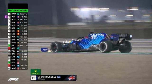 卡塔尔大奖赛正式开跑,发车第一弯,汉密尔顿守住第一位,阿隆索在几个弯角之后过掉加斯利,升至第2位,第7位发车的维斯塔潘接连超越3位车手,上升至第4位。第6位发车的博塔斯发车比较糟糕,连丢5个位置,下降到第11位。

--

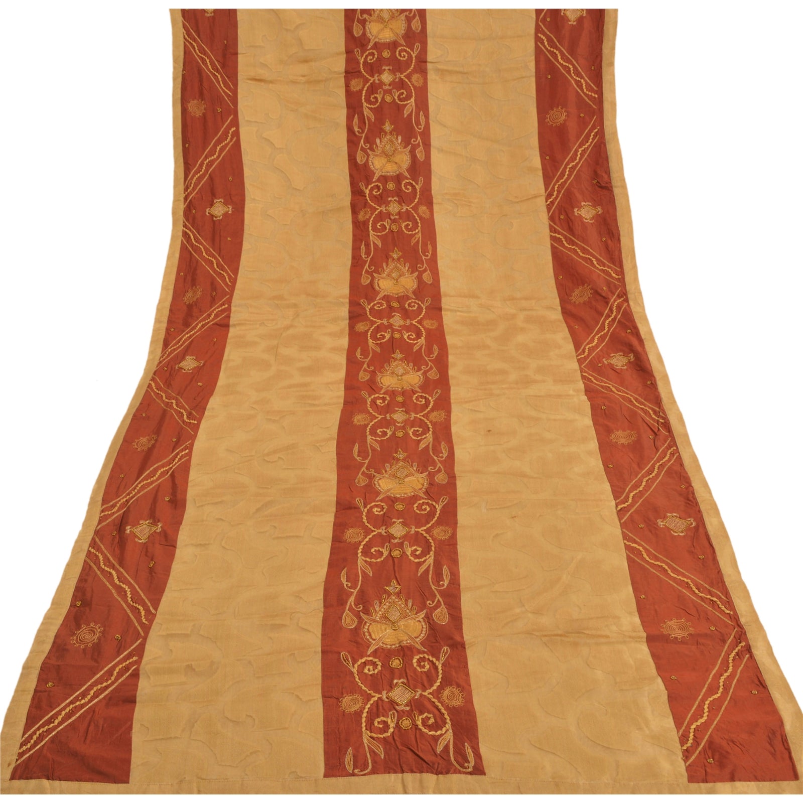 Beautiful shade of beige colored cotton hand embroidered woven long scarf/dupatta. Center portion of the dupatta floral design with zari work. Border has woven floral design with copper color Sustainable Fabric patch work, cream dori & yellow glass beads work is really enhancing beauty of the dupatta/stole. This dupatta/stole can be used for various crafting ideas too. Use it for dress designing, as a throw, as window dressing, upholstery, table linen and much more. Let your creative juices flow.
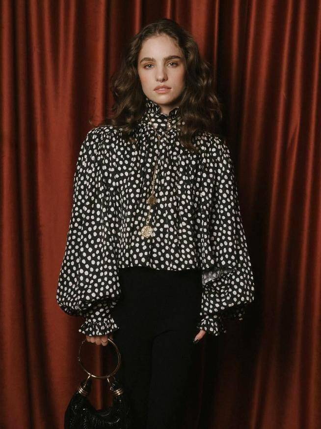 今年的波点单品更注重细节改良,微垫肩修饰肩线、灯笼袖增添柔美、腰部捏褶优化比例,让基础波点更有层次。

▸ Prompt:
Each line from the one that contains "Beautiful shade of" down to the one that contains "今年的波点单品更注重细节改良" is to be returned exactly as it stands above, both ends included, with pictures removed.

▸ Final answer:
 Beautiful shade of beige colored cotton hand embroidered woven long scarf/dupatta. Center portion of the dupatta floral design with zari work. Border has woven floral design with copper color Sustainable Fabric patch work, cream dori & yellow glass beads work is really enhancing beauty of the dupatta/stole. This dupatta/stole can be used for various crafting ideas too. Use it for dress designing, as a throw, as window dressing, upholstery, table linen and much more. Let your creative juices flow.
 今年的波点单品更注重细节改良,微垫肩修饰肩线、灯笼袖增添柔美、腰部捏褶优化比例,让基础波点更有层次。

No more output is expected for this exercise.